The Final Fantasy Legend was a sparse and strange game, light on narrative and lacking in detail. It did that 80s RPG thing where it dumped you unceremoniously into a world and told you to figure things out. A giant tower stands in the middle of the land, but the door is locked. You want to get in, so you ask around to learn you need to track down a special Sword, Shield and Armor, each held by a king of the same name. You visit these kings to ask for their equipment, and you end up getting embroiled in all sorts of weird quests. King Armor wishes to marry his one true love, but she's being held captive by her jealous ex, who happens to be a bandit. You charge into the bandit's lair, and he's a lizard named P-Frog — he's not even anthropomorphised, he's just a quadruped lizard (and he's definitely not a frog). You rescue the girl; she's a cyclopean tentacle creature and King Armor could not be happier about it.
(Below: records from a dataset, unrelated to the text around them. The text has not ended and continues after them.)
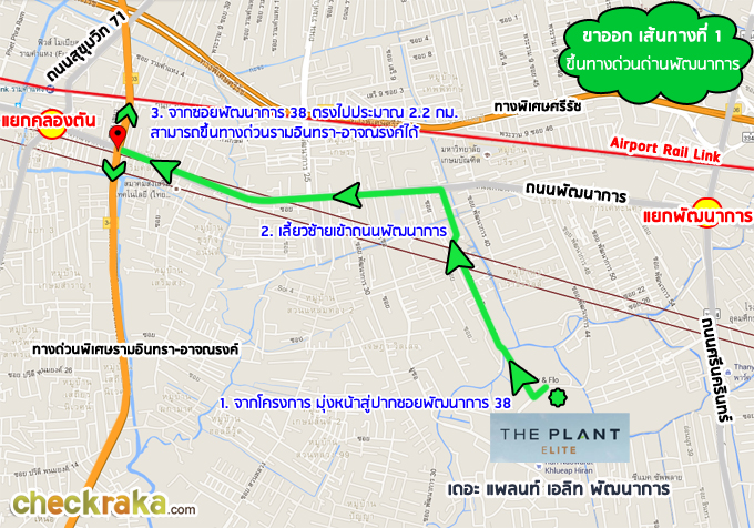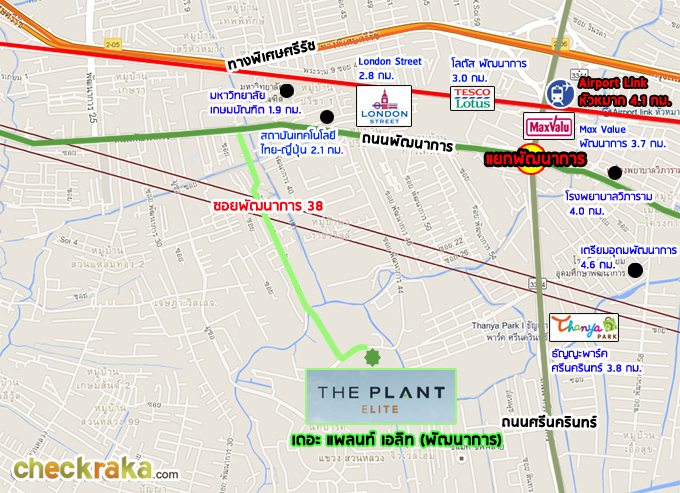 - ทำเลที่ตั้ง - โครงการเดอะแพลนท์ เอลิท พัฒนาการ ตั้งอยู่ในซอยพัฒนาการ 38 อยู่ใน Pruksa Avenue เป็นพื้นที่แหล่งรวมหมู่บ้านของพฤกษา ซึ่งถือได้ว่าไม่ไกลจากตัวเมือง และเดินทางไปแหล่งเดินเล่น หรือช้อปปิ้ง อย่างเช่นเอกมัย ทองหล่อ หรือศรีนครินทร์ได้ค่อนข้างสะดวกทีเดียว นอกจากนี้ ตัวถนนพัฒนาการเองก็สามารถทะลุไปได้หลายที่ เช่น อ่อนนุช พระราม 9 หรือรามคำแหง รวมถึงไปขึ้นทางด่วนได้ในระยะไม่ไกล แต่ตัวโครงการนั้นไม่ได้อยู่ใกล้ถนนใหญ่พัฒนาการ (ห่างจากถนนใหญ่ประมาณ 1.6 กิโลเมตร) และในซอยนี้จะมีแหล่งชุมชมมุสลิมอยู่บ้าง ดังนั้น จึงมีมัสยิด และอาจได้ยินเสียงเรียกสวด (Call to prayer หรือ Adhan) เวลาละหมาดได้เป็นครั้งคราว
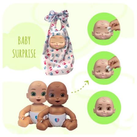 Baby Surprise viene envuelto en un pañal con los ojos cerrados, con un chupete, una manta y un pañal de tela, siendo recomendado a partir de los 3 años.
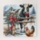 Hübsche schwarz-weiße Kuh mit rotem Bug und niedlichem Hahn. Im Hintergrund gibt es eine rote rustikale Scheune und einen Holzzaun, der in der Weihnachtsgarage dekoriert ist. Eine hübsche Aquarellszene eines schneebedeckten Wintertages auf dem Bauernhof.
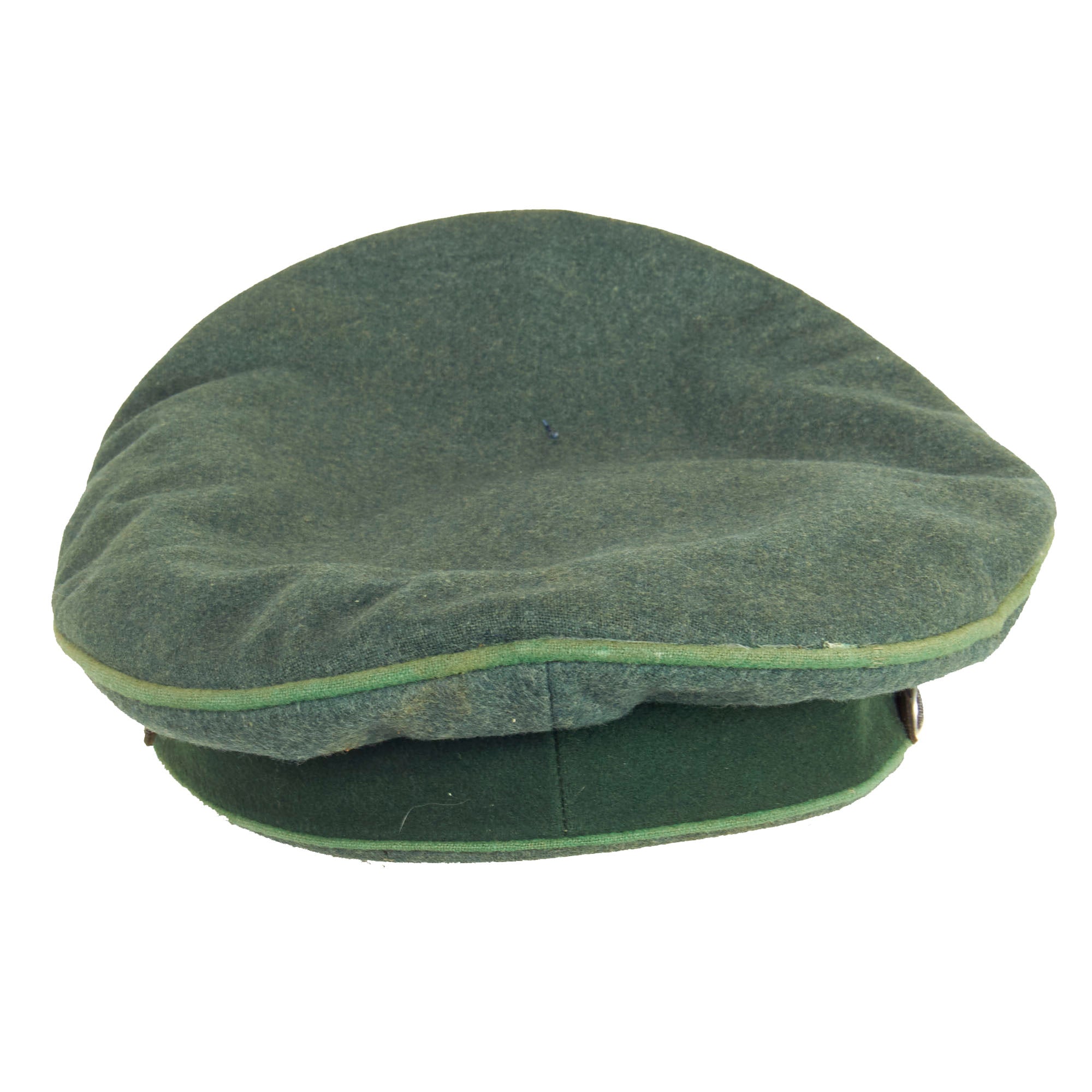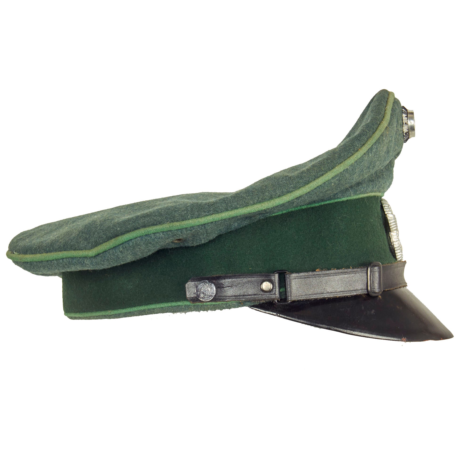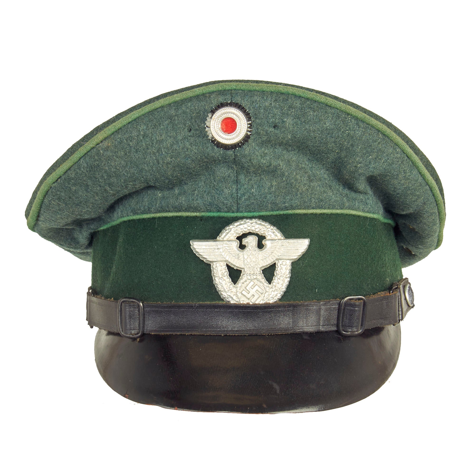 This is a very good condition condition German WWII Schutzpolizei Schirmmütze Visor Cap, with a lovely sloped "Saddle Form" shape. This was done by removing the crown stiffener ring, just as done on military visor caps. It is fabricated from the correct police blue green wool gabardine with the traditional high front, however the "badge cloth" cap band is green, so this looks to be an early version, before the change to brown. The visor cap has matching Hellgrün (Light Green) piping along the top edge and flanking either side of the band, which is the Truppenfarbe (troop colors) for the Schutzpolizei (Protection Police).
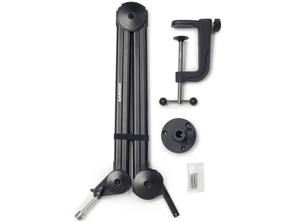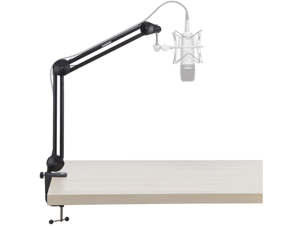 Variabilný mikrofónny stojan s ramenom s uchytením za dosku stola.
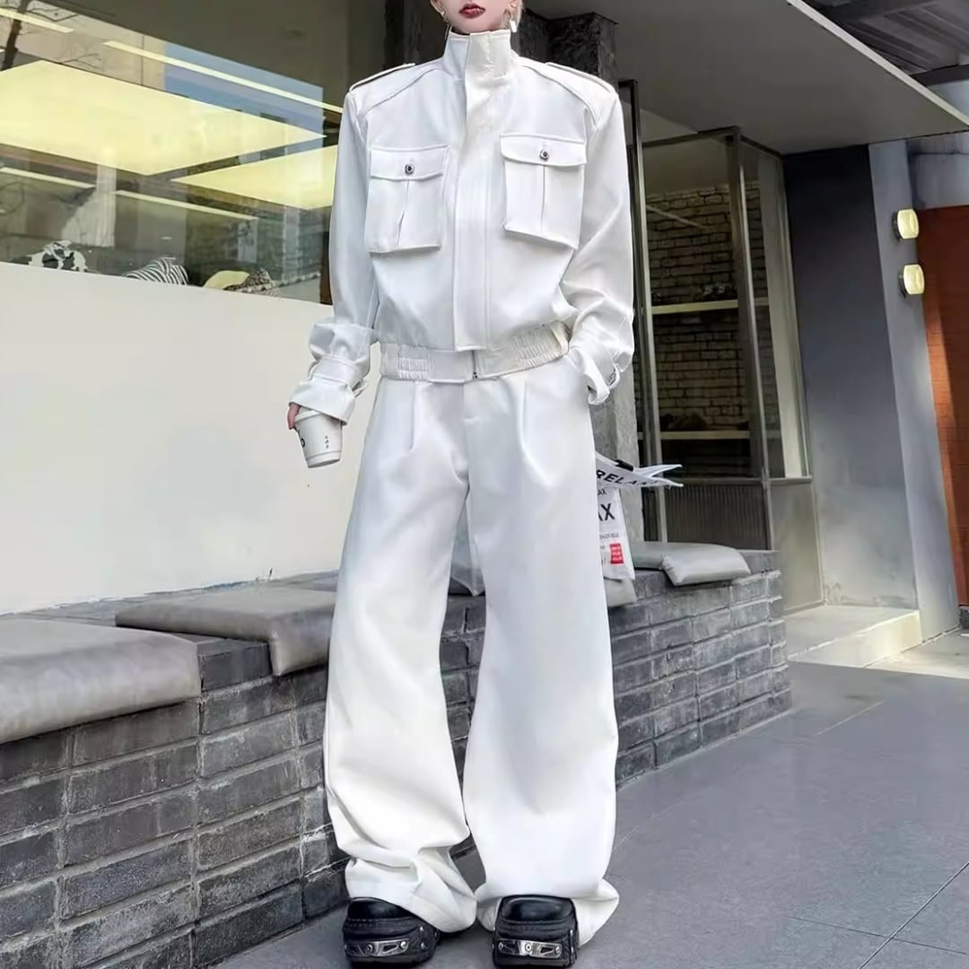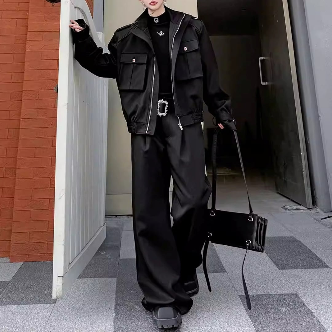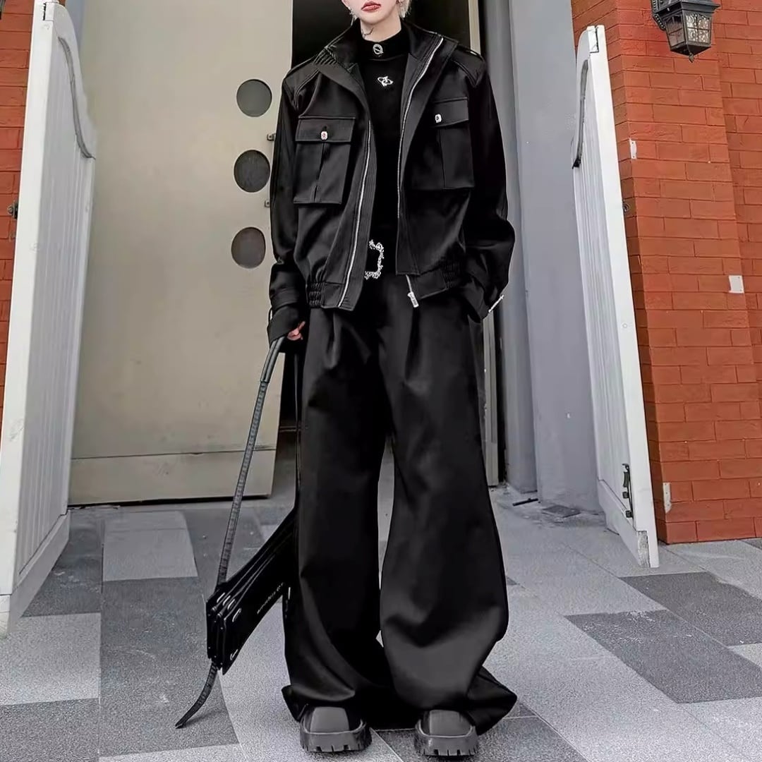テックモード フラップポケットブルゾン&ワイドパンツセットアップ 2カラー D12224

It rocks. The other kings prove to be challenges in their own way; King Sword is simply homicidally insane, his castle filled with killer knights and ominous music, while the unfriendly King Shield is murdered by his own Steward, who you must best in combat to retrieve his treasure. Once you have all three, you dress up a statue in them, at which point Gen-Bu, the giant black turtle of the Ssu Ling, bursts out of the statue to attack. What the hell is going on in this world?!
For me, part of the fun of The Final Fantasy Legend was attempting to parse the limited visual information I was presented with. I always thought the Steward was holding a bouquet of flowers, and because of his name I also imagined him as a flight attendant. This inaccurate read made me so confused as to why I'd been attacked by chivalrous service staff, which just enticed me even more. Looking back at his sprite now, he doesn't have a bouquet at all, yet I can only ever envision him with a dozen paper-wrapped roses in his left hand, larger than his head. It's these strange concessions of the limited hardware and memory of the Game Boy, recontextualized in a faulty memory from nearly thirty years ago, that gives me the warmest feelings when remembering The Final Fantasy Legend. A part of me wants to return to finally challenge God in his dapper top hat and tailcoat (or was he wearing something else entirely?), but maybe it's better to let sleeping dogs lie, and preserve this very personal illusion.